Ai Weiwei at the Royal Academy

Ai Weiwei could be the most famous artist at the moment but I knew very little about his work. Obviously I was aware that he was a prominent Chinese dissident (the BBC delights in telling us stories about dissidents in China and Russia while ignoring stories about our own) and I would have gone to see his work, Sunflower Seeds, at the Tate Modern Turbine Hall in 2010 if not for visitors being stopped from walking through it for health and safety reasons. That was not enough to make me want to go to the Royal Academy (RA) to see an exhibition of his work.

What swung it was the very positive reviews that I had seen, mostly via Twitter but also via the Art Fund app.

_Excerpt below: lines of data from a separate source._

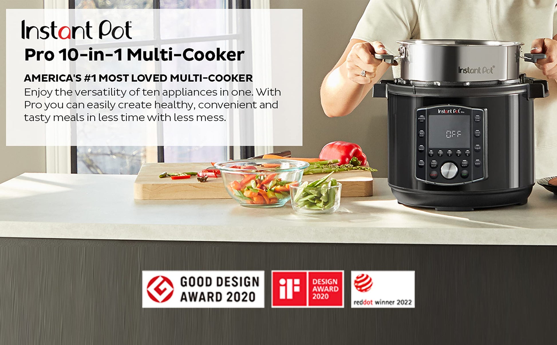 Details: Experience the next generation of convenience with Instant Pot® Pro. It starts with 28 smart cooking programs and adds 5 new Favorite program settings. Spend less time in the kitchen with 20% faster pre-heating and up to 70% faster cooking overall. It replaces 10 kitchen appliances: slow cooker, pressure cooker, sous vide, sauté pan, sterilizer, yogurt maker, food warmer, cake baker and steamer. The upgraded gentle steam release is quieter and less messy with the diffusing cover. And the Pro is filled with thoughtful extras like Easy Grip handles on the inner pot, a large LCD display that’s easy to read, and an auto-sealing lid. The Instant Pot Pro offers the quality, convenience and versatility you’ve come to expect from Instant – discover amazing. Included accessories: Accessories include an extra sealing ring and stainless-steel steamer rack with handles.
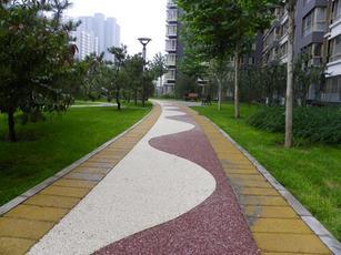 (3)在级配石上铺设40mm厚彩色透水层
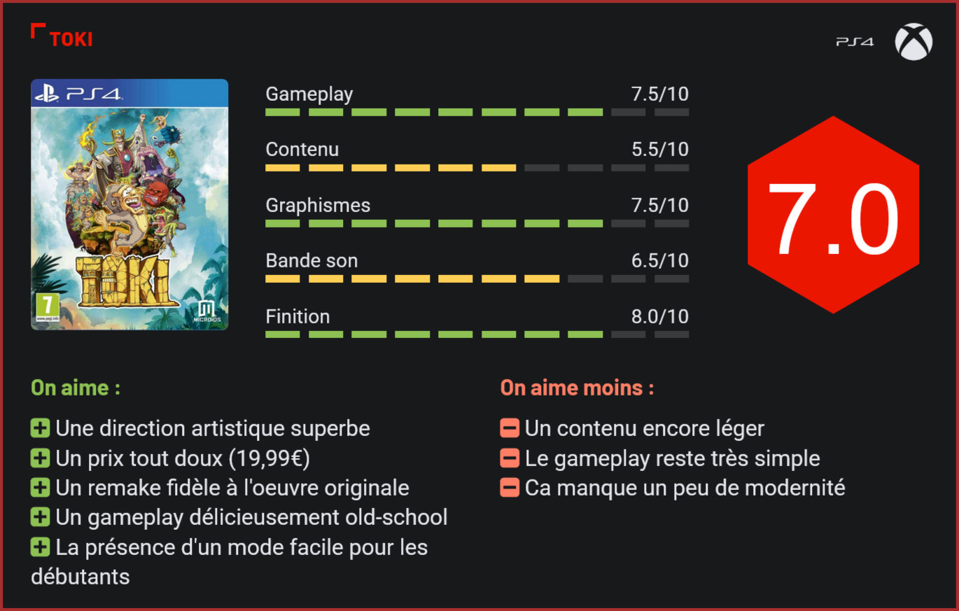 Jusqu’ici exclusivité du catalogue de la Switch, Toki a finalement droit à un portage en bonne et due forme sur Xbox One et PS4. Que les amateurs de plates-formes se rassurent : le primate n’a rien perdu de sa splendeur. Sorti initialement en 1989, Toki n’était en son temps déjà pas vraiment un monument du jeu vidéo. Cela n’a pourtant pas empêché un petit studio de développement de plancher sur un remake. Annoncé en 2009, le projet se transforme vite en vaporware – jusqu’à l’annonce miracle de l’éditeur Microids, qui sort le projet des limbes et nous livre en 2018 un remake en bonne et due forme en exclusivité sur Nintendo Switch. Six mois plus tard, notre cher primate revient, cette fois sur Xbox One et PS4, dans une édition 100% numérique qui intègre quelques jolis ajouts… Parmi les nouveautés proposées dans cette réédition : un mode speedrun qui se destine avant tout aux amateurs de scoring, l’ajout de 5 nouveaux filtres graphiques – dont un télé cathodique qui fera vibrer les joueurs nostalgiques – et l’introduction d’un jukebox qui permet d’écouter les 32 musiques du jeu. Des ajouts légers mais qui n’en restent pas moins les bienvenus – d’autant plus que le prix est proposé à un tarif très attractif dans cette version 100% numérique – puisqu’il ne faudra débourser que 19,99€ pour en faire l’acquisition – contre près de 40€ pour la version collector sortie sur Switch. Difficile donc de ne pas craquer pour ce jeu si vous faites partie de ces nombreux nostalgiques qui attendent impatiemment la sortie de platformers à l’ancienne. Ce remake de Toki est d’une fidélité exemplaire à l’œuvre originale. L’aventure est scrupuleusement identique à celle vécue par les fans il y a près de 30 ans, la patte graphique est respectée et – cerise sur le gâteau, malgré les standards actuels, le studio de développement a choisi de conserver un niveau de difficulté élevé. Certes, un mode facile fait son apparition, avec pas moins de 9 “continue”, mais pour boucler le jeu, les joueurs devront toutefois faire preuve de skill, les morts s’enchainant très rapidement. Méconnu du grand public, Toki est un titre délicieusement arcade, à mi-chemin entre Mario et Metal Slug. S’il reprend davantage de mécanismes aux platformers que Metal Slug, il conserve son aspect run & gun, le joueur dirigeant ici un singe qui devra massacrer ses ennemis à coups de boulettes, projetées depuis sa bouche. Comme dans Metal Slug, il faudra récupérer power-ups pour progresser plus facilement dans le jeu. A la différence du jeu de SNK toutefois, Toki reste un platformer relativement classique, avec de nombreuses séquences de plates-formes qui forceront le joueur à faire preuve de beaucoup de dextérité. Contrairement à un Mario ou un Sonic, Toki ne s’adresse pas au grand public mais davantage à un public de passionnés de rétrogaming, et particulièrement de joueurs nostalgiques. On notera au passage que la difficulté du jeu est intimement liée à sa longévité. Comme tous les platformers old-school, Toki ne propose qu’une poignée de niveaux – 6 en tout -, qu’il est possible de boucler en 30 minutes top chrono en ligne droite. Sa durée de vie est donc relativement limitée… mais la pilule est beaucoup plus facile à avaler que sur Switch. Pour le reste, difficile de ne pas être séduit par la patte graphique très particulière du jeu – les personnages et décors ont été dessinés à la main et le rendu est tout bonnement exceptionnel. Simplistes, les animations des personnages sont également inspirées des platformers des années 80. La bande sonore est du même acabit, avec des musiques réorchestrées efficaces, à défaut d’être légendaires, et des bruitages délicieusement old-school. Conclusion Délicieusement old-school, le remake très abouti de Toki séduira les amateurs de rétrogaming et les joueurs nostalgiques avec ses personnages dessinés à la main, ses mécanismes de jeu old-school, sa difficulté élevée et son univers magique. Extrêmement fidèle au matériau d’origine, le jeu n’en reste pas moins très court – mais son prix est attractif et Microïds a même pensé à proposer quelques petits ajouts pour la sortie de son jeu sur PS4 et sur Xbox. Pour peu que vous accrochiez à ce style de jeu, difficile donc de ne pas craquer pour ce remake qui a décidément tout pour séduire…
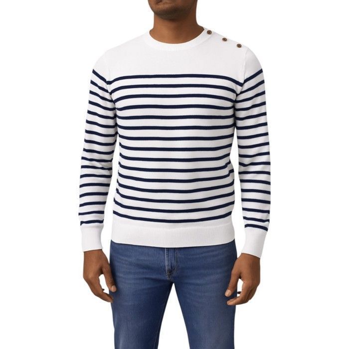 Bill Tornade Pull marinière col rond Mariniere Blanc Homme
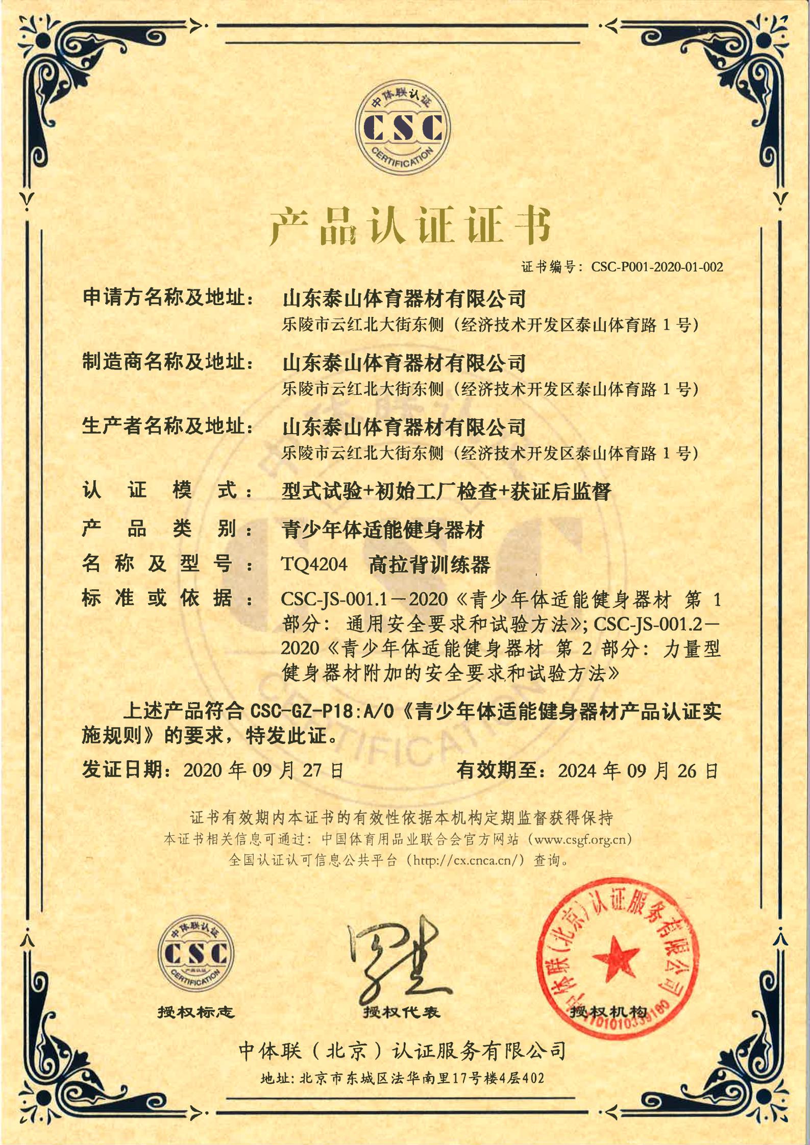 | 青少年体适能健身器材 | CSC-P001-2020-01-002 | TQ4204 | 高拉背训练器 | 2020-09-27 | 有效 | 点击 |

The popularity of the show meant that it was going to be busy whenever I went so I thought that I would go first thing (10am) on a weekday. I had some odd days of leave left to take and a day going to exhibitions was a good way to spend one of those days.

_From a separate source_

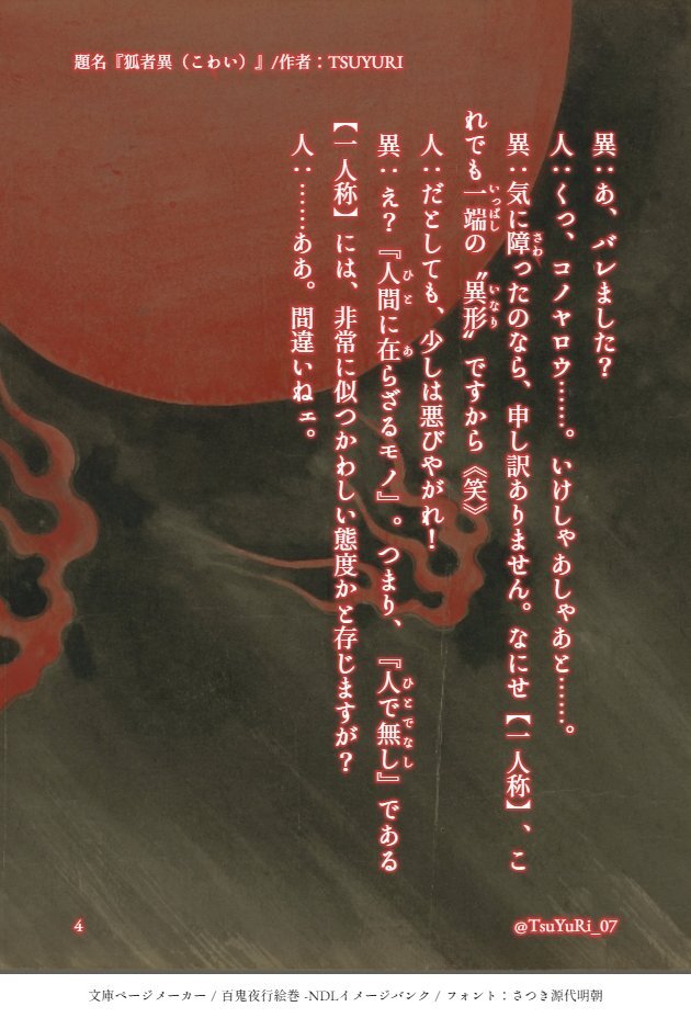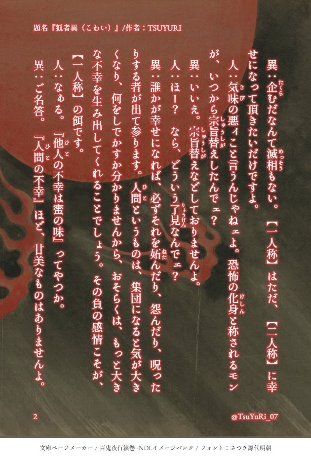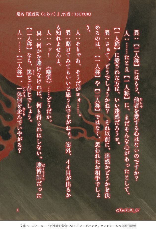 #シチュエーション台本(約1,200字) #フリー台本 #フリー台詞 #TSUYURI台本 #男声向け #掛け合い #人外 #妖怪 #異形 #和風 題名『狐者異(こわい)』 ※アレンジ・アドリブ大歓迎です。 pic.x.com/H4g8zkYqCa
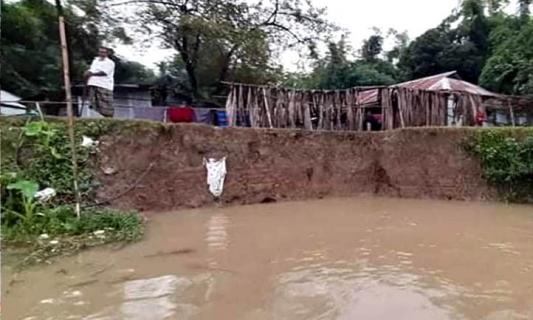 কানাইঘাটে ৩টি স্থানে নদী ভাঙন, বালুর বস্তা ফেলে প্রতিরোধের চেষ্টা

I took advantage of my Art Fund membership to get a ticket for £15.

The route to the RA was easy enough, bus to Richmond, District Line to Hammersmith, Piccadilly Line to Green Park and, finally, a short walk along Piccadilly. That takes about an hour without rushing so I was able to have bit of a welcome lie-in. On the day the lie-in overran slightly and I got to the RA around 10:15, still in good time for the first visiting slot for the exhibition.

The exhibition consisted of eleven connected rooms that I walked around once slowly and then went back around again to revisit my favourites. I took several pictures in each room and used a lot of self-restraint to pick just seven for this blog post.

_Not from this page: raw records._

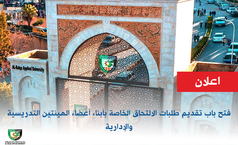 يعلن المسجل العام في جامعة البلقاء التطبيقية عن تفعيل بوابة القبول الالكترونية في كليات الجامعة للفصل الدراسي الأول 2023-2024 فعلى جميع الطلبة الراغبين بتقديم طلبات التحاق بجميع التخصصات المطروحة لمرحلة البكالوريوس (الثانوية العامة، التجسير/ الموازي) وجميع التخصصات المطروحة لمرحلة الدبلوم المتوسط في جميع كليات الجامعة، وذلك من خلال الاطلاع على الدليل الاسترشادي والموجود على موقع الجامعة الالكتروني / بوابة القبولات / بوابة طلبات التحاق أبناء العاملين في الجامعة لتقديم طلب الالتحاق ، وذلك اعتبارا من صباح يوم الأحد الموافق 20-8-2023، وحتى نهاية دوام يوم الاحد الموافق 3-9-2023.
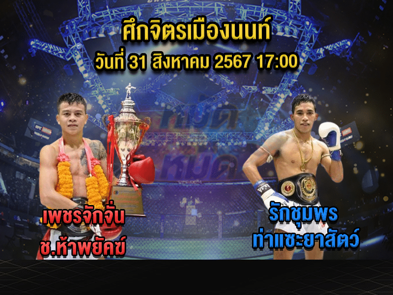 ศึกจิตรเมืองนนท์ เริ่มเวลา 17.00 น. ทีเด็ดมวย ทีเด็ดมวยไทยแม่นๆวันนี้ เพชรจักจั่น ช.ห้าพยัคฆ์ มวยซ้ายจังหวะฝีมือครบเครื่องนิ่งดักสาดแข้งไล่แขนแทงเข่ากดตีหลักเหลี่ยมดี พบ รักชุมพร ท่าแซะยาสัตว์ มวยซ้ายฝีมือครบเครื่องสาดแข้งนำปล้ำตีแข็งแกร่งหมัดศอกแรงเหลี่ยมเชิงดี
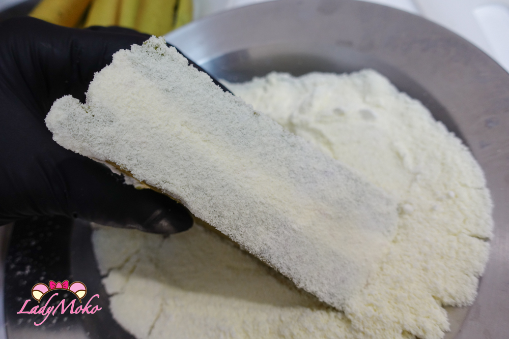 5. 將奶粉倒在深盤中,將塗有香緹側面都均勻沾上滿滿的奶粉。
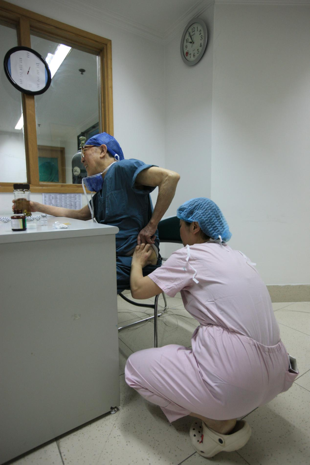 ↑走出手术室,吴老明显很疲惫,毕竟是89岁的老人。王建民摄
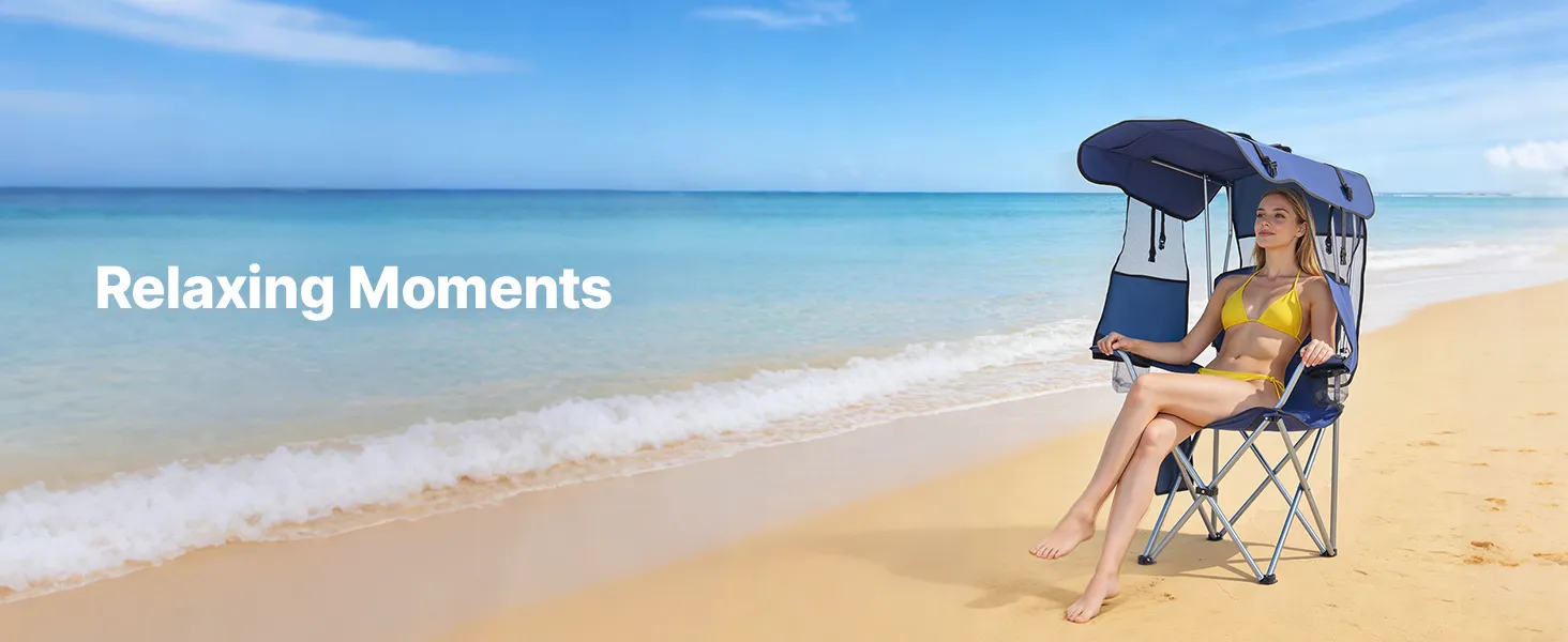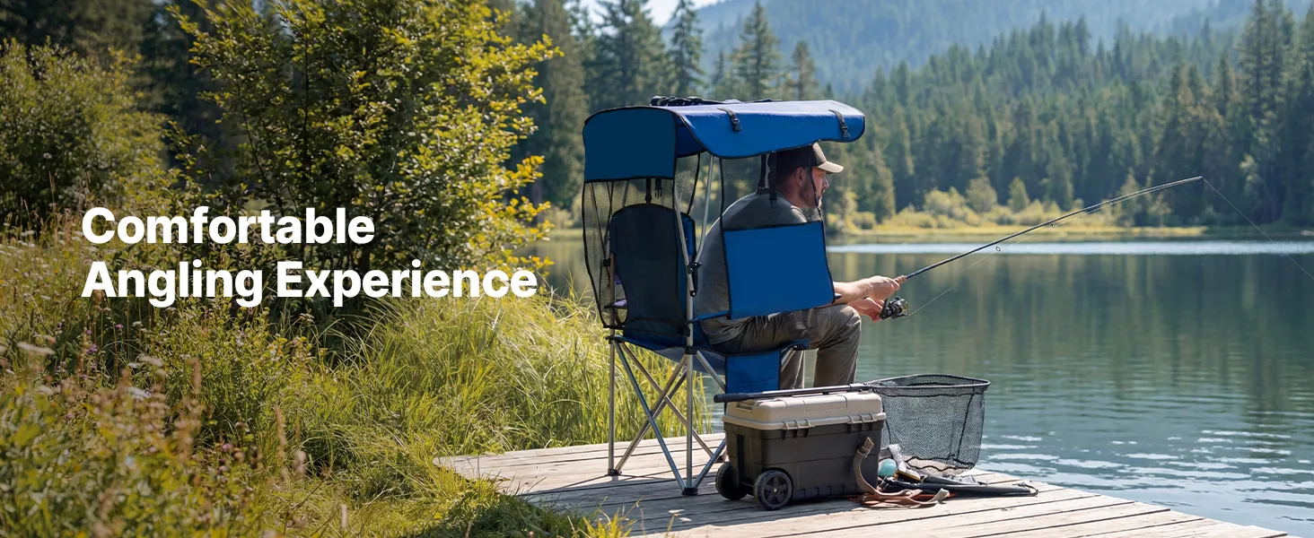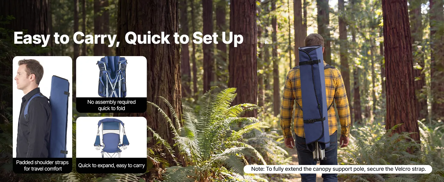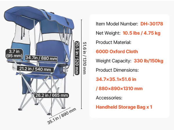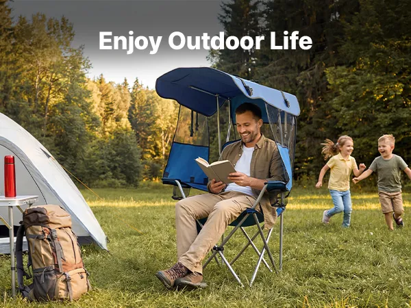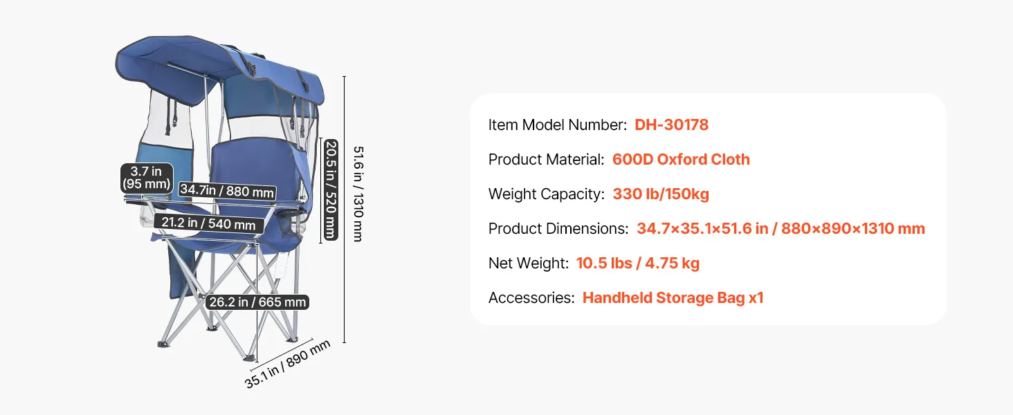 Sistema di protezione solare: Questa sedia da campeggio pieghevole è dotata di un tessuto Oxford 600D regolabile con protezione solare UPF50 per ridurre l'esposizione al sole. Il tubo di supporto in tessuto ha uno spessore di 0,6 mm, ideale per il campeggio e la pesca in pieno sole

Straight was in Room 3. The main story here was an earthquake in China which had killed a lot of people, including school children, and poor construction methods were blamed for causing many of the deaths. Ai Weiwei took the twisted and broken rebars (reinforcing bars) from the collapsed buildings, straightened them out and arranged them into this wavy pattern.

I deliberately took this picture with lots of people in it to show how big it was though, to be honest, it would have been impossible to take a picture like this without lots of people in it. It was busy and getting busier.

As with all of Ai Weiwei's work there were two aspects to it, the artistic impression and the political meaning behind it. I could appreciate Straight as a work of art but was unable to comment on the extent to which poor building construction caused deaths and even less able to comment on the Chinese government's role in this.

Next door in Room 4 were two pieces arising from a studio he built in Shanghai but which was never opened and was quickly demolished. Again, I've only heard Weiwei's side of the story so cannot comment on that meaningfully.

Souvenir from Shanghai was constructed from materials recovered from the demolished building. As with a similar piece in Room 1, I liked the way that the materials were put together to make something very solid and somewhat strange.

River Crabs, three thousand of them, represented the gallery opening after-party that happened despite the gallery not opening. I liked the absurdity of the piece and also the effort and skill that had gone in to making it.

Coloured Vases in Room 5 asked another set of awkward questions and again I was not entirely on Ai Weiwei's side. The questions were around antiquity and art, is an ancient vase improved if it is turned into modern art? In the most modest example, above, the vases were "improved" by painting them and in the most extreme one was "improved" by throwing it on to the ground to shatter as a piece of performance art.

I'm with antiquity on that one. If you want to destroy a vase then make a new one.

Room 7 had works made out of marble. In the background is Marble Stroller and the large piece on the floor is, unsurprisingly, Grass. As with others of his works, the construction was the thing that impressed me the most, then the appearance then the political point.

Possibly surprisingly after what I have said, one of the most overly political pieces was one that I liked the most. This was in Room 10. Ai Weiwei had been detained for dissent and he made six half-size models of this time.

Each of the cells had one small window on one side and another on the top so that we could look in. Each scene showed part of his simple daily routine, such as eating, having a shower or going to the toilet. Two guards watched him closely all the time.

The construction was, again, impressive but this time the political message shone through and seeing somebody incarcerated in a small room with two people watching over them was an easy message to understand.

The final piece, in Room 11, Bicycle Chandelier was the most approachable. It was what its name suggests, a chandelier made from parts of bicycles. It was commissioned for this exhibition and fitted the high domed room neatly.

The exhibition was very mixed in terms of the materials used, the sizes of the pieces and the motivations for producing them. Helping to make sense of all this was an audio guide and I made good use of this as I went round. There was a short audio for every piece which I listened to though I skipped the additional audio sections except for when I played them by mistake.

Ai Weiwei, for me, lacked the continual wow moments that the David Hockney exhibition had but there was plenty enough in there to demand an hour and a half of my time and to make me want to walk around for a second time to see some of them again. 

I am still not a great Ai Weiwei fan but the exhibition helped me to understand and appreciate his work, I also liked a lot of it. Straight was my clear favourite.